#### Problem to solve
From the line with "科创信息也曾在互动易平台表示" through the line with "由于該項目地處祁連山腹地,海", repeat the entries verbatim, both end lines included, and add nothing.

#### Extracted data
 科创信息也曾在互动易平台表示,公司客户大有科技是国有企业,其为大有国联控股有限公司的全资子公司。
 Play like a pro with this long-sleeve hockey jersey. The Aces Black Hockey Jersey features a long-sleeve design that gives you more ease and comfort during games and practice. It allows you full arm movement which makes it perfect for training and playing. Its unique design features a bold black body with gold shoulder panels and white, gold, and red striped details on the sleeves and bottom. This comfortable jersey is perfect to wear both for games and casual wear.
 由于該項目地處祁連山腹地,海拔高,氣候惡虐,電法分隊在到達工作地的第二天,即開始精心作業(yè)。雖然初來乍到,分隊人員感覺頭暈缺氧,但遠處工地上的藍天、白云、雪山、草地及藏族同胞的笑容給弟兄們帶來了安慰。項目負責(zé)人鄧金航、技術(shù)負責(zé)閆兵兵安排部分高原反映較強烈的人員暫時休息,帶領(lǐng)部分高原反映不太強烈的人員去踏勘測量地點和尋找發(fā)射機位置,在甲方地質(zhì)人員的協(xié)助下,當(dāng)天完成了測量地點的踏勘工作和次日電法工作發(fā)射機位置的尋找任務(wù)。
---
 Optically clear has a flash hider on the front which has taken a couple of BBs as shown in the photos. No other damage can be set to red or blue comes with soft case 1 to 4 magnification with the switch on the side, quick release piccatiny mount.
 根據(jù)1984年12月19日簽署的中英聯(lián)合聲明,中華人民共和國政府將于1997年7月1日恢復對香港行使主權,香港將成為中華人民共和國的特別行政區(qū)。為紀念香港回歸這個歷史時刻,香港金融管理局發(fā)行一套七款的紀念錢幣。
...
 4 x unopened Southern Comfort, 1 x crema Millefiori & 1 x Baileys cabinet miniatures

#### Solution to this problem
 科创信息也曾在互动易平台表示,公司客户大有科技是国有企业,其为大有国联控股有限公司的全资子公司。
 Play like a pro with this long-sleeve hockey jersey. The Aces Black Hockey Jersey features a long-sleeve design that gives you more ease and comfort during games and practice. It allows you full arm movement which makes it perfect for training and playing. Its unique design features a bold black body with gold shoulder panels and white, gold, and red striped details on the sleeves and bottom. This comfortable jersey is perfect to wear both for games and casual wear.
 由于該項目地處祁連山腹地,海拔高,氣候惡虐,電法分隊在到達工作地的第二天,即開始精心作業(yè)。雖然初來乍到,分隊人員感覺頭暈缺氧,但遠處工地上的藍天、白云、雪山、草地及藏族同胞的笑容給弟兄們帶來了安慰。項目負責(zé)人鄧金航、技術(shù)負責(zé)閆兵兵安排部分高原反映較強烈的人員暫時休息,帶領(lǐng)部分高原反映不太強烈的人員去踏勘測量地點和尋找發(fā)射機位置,在甲方地質(zhì)人員的協(xié)助下,當(dāng)天完成了測量地點的踏勘工作和次日電法工作發(fā)射機位置的尋找任務(wù)。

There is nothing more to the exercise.